First pic is lengthwise through the 36" long tank (40gBr)--doesn't look like there is any water in there


Second pic is front to back with the camera up against the acrylic:


Last pic is back a couple of feet--Please excuse the reflections, etc:


This tank has actually never looked this clean--even after running the vortex itself for 8-12hrs--days at a time. There are only 4 shiners in there now, because the snake has gone into shed and won't be eating until afterwards, but there is up 20+ shiners and 4-5" Comets in there at any given time. As I'm sure You can imagine: Its a particulate heavy tank! Its clear now.

Now I just have to wait and see what the long-term effects are........and how well it works with a heavier fish load, but I think it will work well.

Glad I tried this...............

*Side Note:* I was wondering about any "Dusting" of the DE on the items in the tank--there isn't any. There was initially, but its all gone now--less than 24hrs later. I don't know how this would go in a plant only tank, but would guess with fish and other moving life--it wouldn't be a problem.
*Edit:* The above comments about the "Dusting" are not entirely accurate: There is some very slight dusting on a couple of sword plants and the black overflow plumbing--but I had to really look around to find it. I would assume that a Good swoosh around with a hand or something would make it go away easily enough.


----------



## vic46 (Oct 20, 2006)

In the event that you have any bio-filter set up in the cannister I would be concerned about the impact of the D/E on the bio-filter. I would also be concerned that the throughput of a cannister would not be adequate. My Vortex XL puts a great deal more water through than my 2 xP3's combined. The effectiveness of a Vortex filter is partially the use of D/E however, the effectiveness is also very much a product of the through put of the filter.
Vic


----------



## fshfanatic (Aug 7, 2008)

Dude, this thread is odd.

There are only a few filters that are designed to use DE..

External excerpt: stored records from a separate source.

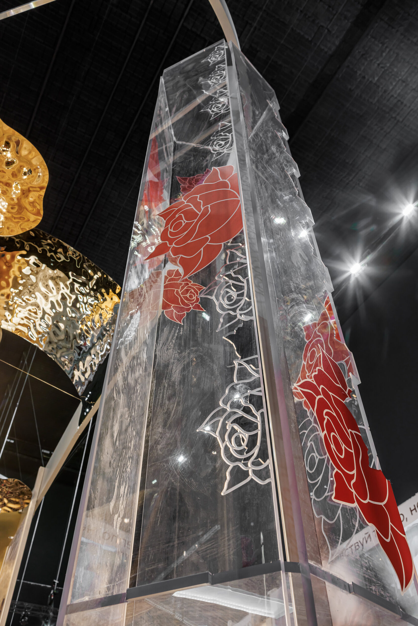 Концепция: Основная концепция проекта заключается в создании диалога между прошлым и будущим через форму и материал. Правильное пятигранное основание задает ритмичную структуру, а прозрачные ламели формируют легкий, постоянно меняющийся силуэт, взаимодействующий со светом и взглядом. Декоративный элемент в виде цветка, выполненный с применением вырубки, фрезеровки и ламинирования, демонстрирует передовые технологии обработки материала, обеспечивая уникальные световые эффекты и игру цвета. Монолитный поликарбонат, как основной материал, подчеркивает современность, безопасность, высокую прочность и отличную светопропускную способность решения.
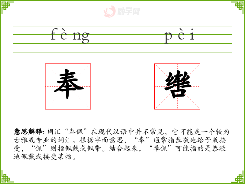 - 词源:“奉”和“佩”都是古代汉语中的常用字,组合起来形成了一个表达特定礼仪行为的词汇。
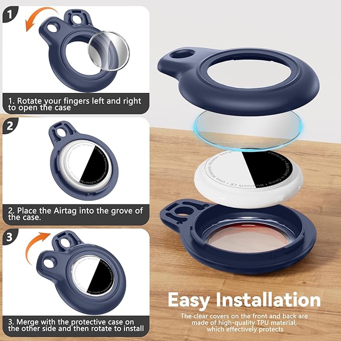- Easy Installation: No complicated operation is required, and you can fix AirTags in the Holder in a few easy steps;[Tips]: The specific installation steps can be seen in the picture; The protective cover of the Apple Airtags keychain will not affect the touch screen and shield the signal; Whether it is finding lost items or remote tracking, it can be easily achieved
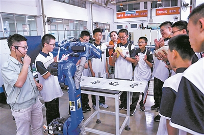 中小學(xué)生到山東勞動(dòng)職業(yè)技術(shù)學(xué)院參觀工業(yè)機(jī)器人實(shí)訓(xùn)基地。
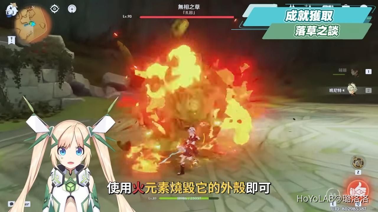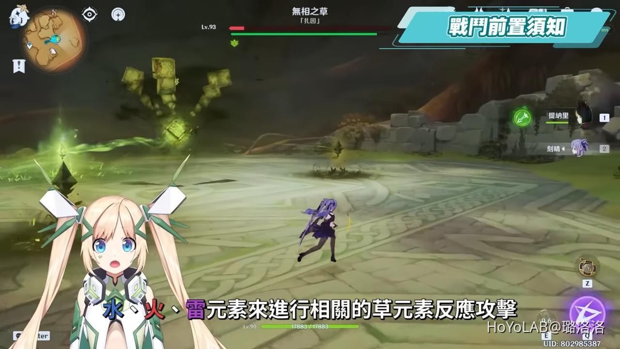 接下來帶來相關的實戰演示,由於除了草元素以外的傷害都可以對無相之草造成傷害,因此就帶來水、火、雷的角色輸出的相關片段,只要最後用草元素快速淨化草芯即可。
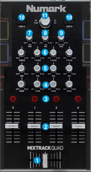 - CROSSFADER. Blends audio between the channels assigned to the left and right side of the crossfader.
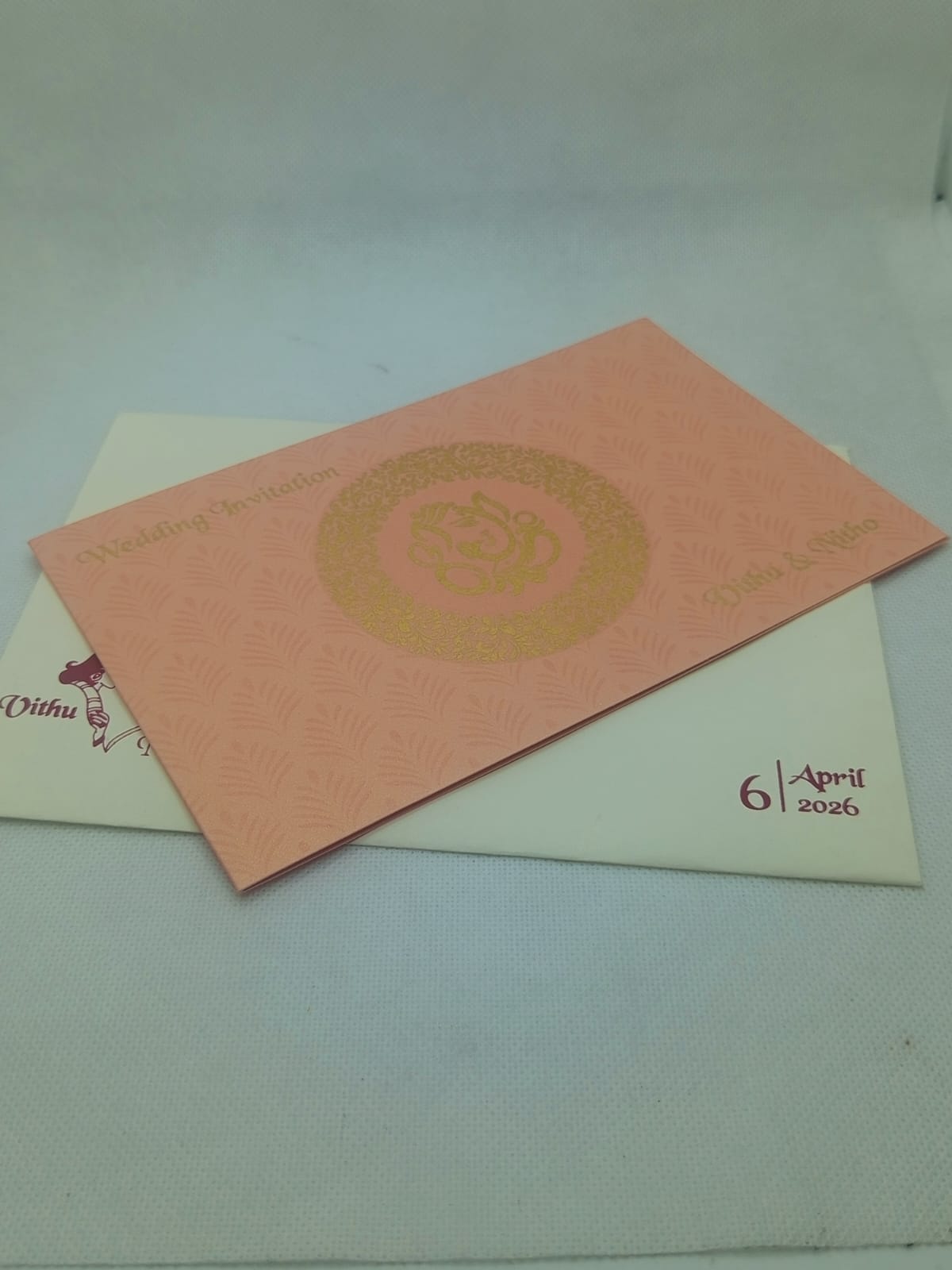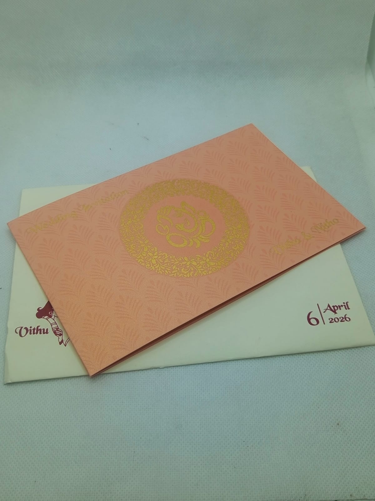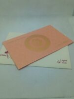 Circle flower design peach wedding invitation is one of our elegant design. This invitation card is made out of peach textured board with matching paper envelope. Card has a peach watermark design, Circle flower design and ganesh logo gold ink screen print. (Please note, this logo can be changed to any symbol or couple initial as per your preference). The card has two inserts with coordinated printed designs.
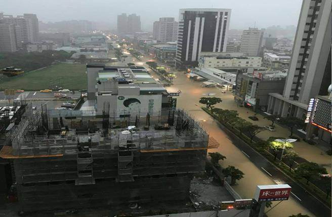 高雄市澄清路淹水變黃河,空拍照怵目驚心(圖片來自臺媒)
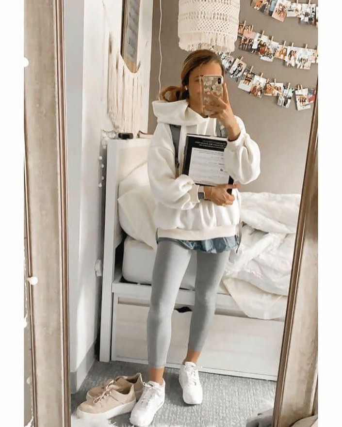This outfit is all about comfort. A white oversized hoodie is layered over a chambray shirt and paired with grey leggings.
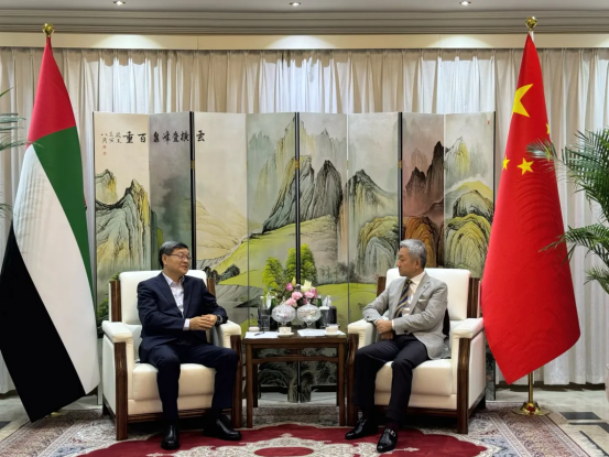长期以来的大力支持,并与中国驻阿联酋大使张益明就当地政治经济形势、社会发展及能源产业合作机遇等议题进行了沟通交流。
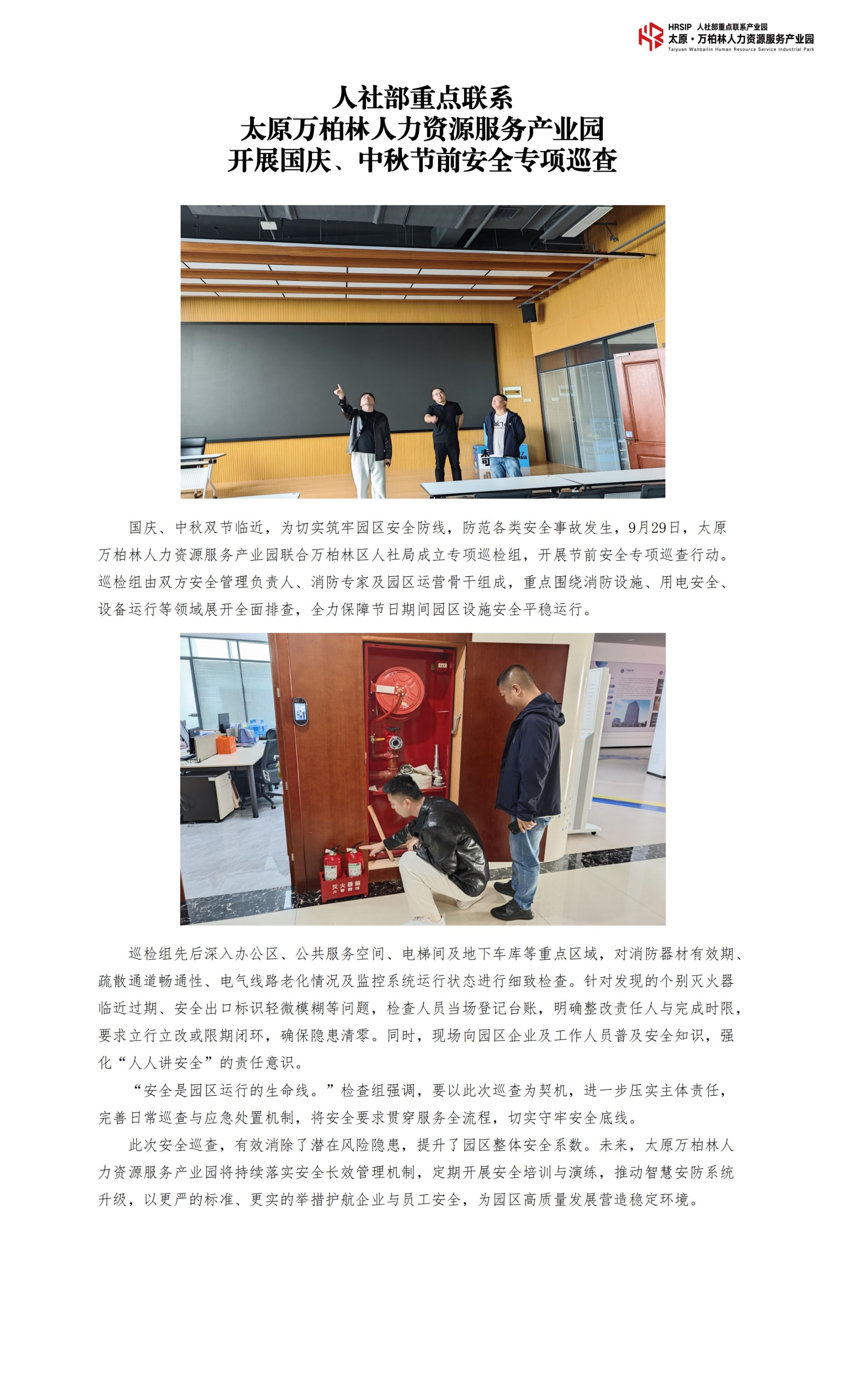 人社部重点联系•太原万柏林人力资源服务产业园开展国庆、中秋节前安全专项巡查

Magnums are one. Simply adding DE to a regular canister filter will not polish water. De acts as a screen to trap particulate matter. It requires this and pressure to actually polish the water. Simply waiting till the tank is clear again doesnt mean it is actually "working", all that means is it found someplace to settle.


----------



## Naja002 (Nov 15, 2005)

fshfanatic said:


> Dude, this thread is odd.
> 
> There are only a few filters that are designed to use DE..
> 
> Magnums are one. Simply adding DE to a regular canister filter will not polish water. De acts as a screen to trap particulate matter. It requires this and pressure to actually polish the water. Simply waiting till the tank is clear again doesnt mean it is actually "working", all that means is it found someplace to settle.

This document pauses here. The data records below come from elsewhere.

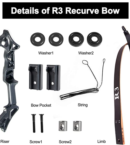 Included Options: 1 x Bow, 1 x Five-Pin Optical Bow Sight, 1 x Brush Arrow Holder, 1 x Rubber Stabilizer, 1 x Arm Guard, 1 x Bow String, 1 x Finger Guard, 1 x Allen Wrench, 1 x arrow handle, 1 x arrow arrow quiver and 12 arrows (random color)
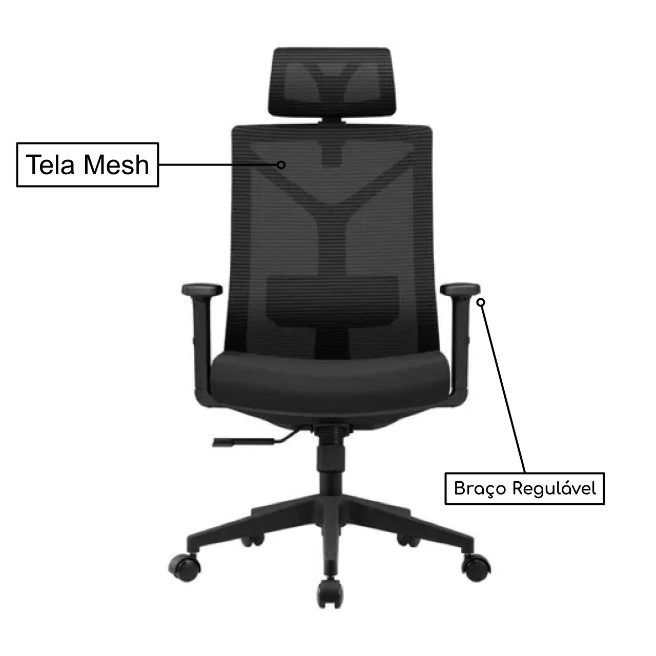Poltrona Presidente TELA ODIN Giratória – Cor Preto – Pollo Móveis – 32870
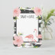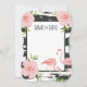 Niedliches kleines Save the Date Druckbild mit durcheinander geratenen schwarz-weißen Streifen und rosa Flamingos und Blume.
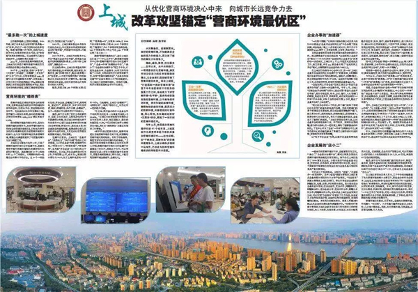 日前,《杭州日報》對于上城區(qū)營商環(huán)境的優(yōu)化進行了整版報道,上城已然成為杭州營商環(huán)境建設(shè)的樣板區(qū)和示范區(qū)。

Before and after. I did it, I was there--I saw the effect.


----------



## niko (Jan 28, 2004)

Yes I too think that this is truly weird. First off the DE should have a hard time accumulating. Second if the DE accumulates anyway the pump should have a hard time moving water through the dense layer of DE. Third even if both A and B somehow work anyway very quickly the layer of DE will get plugged by the tiny visible organic particles floating in the water and become impenetrable.

That it all worked is very strange.

But even if it works for a few days it should have problems in the long run. The sludge/bacteria accumulating over the DE over the period of a few days should completely plug up the DE.

On another note - if anyone must use a Diatom filter to keep their water clean then they are doing things wrong. Their biofilter is not working well. The tank is off ballance and mechanical filtration just keeps things looking acceptable but they are not right anyway. A seldom discussed fact is that optimal biological filtration actually polishes the water as good as a Diatom filter. The water looks like in that first picture - as if it's missing. Most people seldom achieve that because they don't pay enough attention to the biofiltration. Most filters and filter materials sold for aquariums are crap and perform as such. In an established planted tank the plants play a bigger role in the biofiltration than the canister filter. Such tanks can exist with just water movement from a powerhead, no canister filter. Usually most of us try mechanical filtration to keep the water clean and seldom get the best results.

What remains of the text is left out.